Stage 2 — Your agents need a sandbox

Run the agent's shell commands inside a Docker sandbox, so a mistaken command hits a throwaway container instead of your host.

Stage 1 made a crash survivable. When a turn finished, its output went to durable storage, so a retry picked up the saved work instead of paying for the same model call twice. The agent itself was deliberately plain: a PydanticAI agent with one tool, exec, that ran shell commands directly in the host process.

That host process is what this stage fixes. Running commands on your own machine is fine for a first demo. It turns into a liability the moment the agent does something you did not foresee, and an agent doing something you did not foresee is the normal case, not the rare one.

This walkthrough uses stage_2_sandboxed_exec.py from the runnable Agent Harness Platform example. If you have not cloned the repo yet, start with Get the code on the overview page.

The agent's shell is your shell

Think about what the exec tool actually is. The agent picks a shell command, the host runs it, and the output goes back to the model. Most of the time the command is harmless: an ls to look around, a cat to read a file, a grep to find something. The trouble is that the same opening that lets the agent run ls lets it run rm -rf against the wrong directory, or a script that quietly fills the disk, or a curl ... | bash it talked itself into.
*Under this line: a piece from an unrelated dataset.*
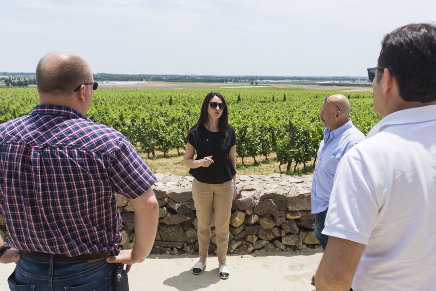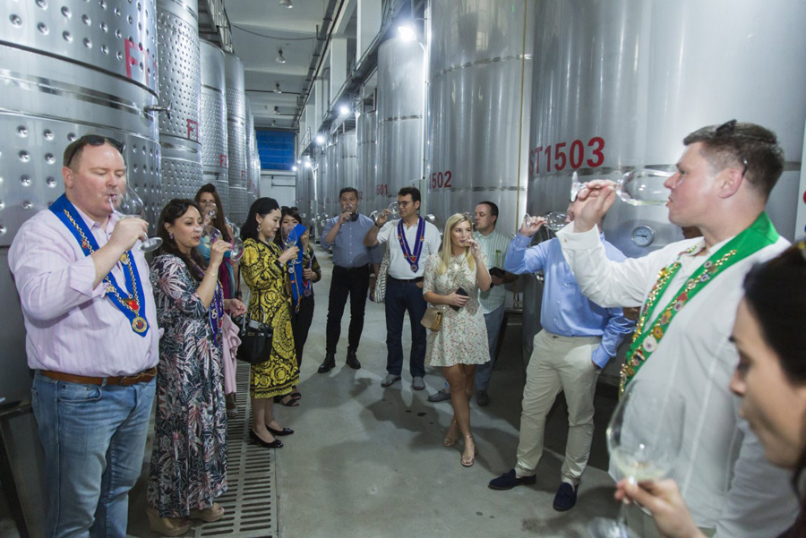 整個活動過程中,九頂莊園的意大利釀酒師丹妮斯親自為來賓做酒莊導(dǎo)游,并介紹午宴配餐的九頂葡萄酒。

In Stage 1 those commands run with whatever access the worker has. On your laptop that is your home directory and every other project sitting beside this one. On a server it is the production worker's filesystem. The agent reasons about the files it can see, and the files it can see are yours, so one wrong command can delete things that had nothing to do with the task.

Stage 2 gives the agent a room of its own. Each run happens inside a with DockerSandbox(...) block, and every shell command runs inside that container instead of on the host. The container has its own filesystem, its own process table, and its own network view, so a bad command lands on a throwaway container and a mounted workspace rather than reaching back to your machine.

Host processyour laptop / runner — no agent shell here

Kitaru flow + PydanticAI agentdecides the commands · calls exec(command)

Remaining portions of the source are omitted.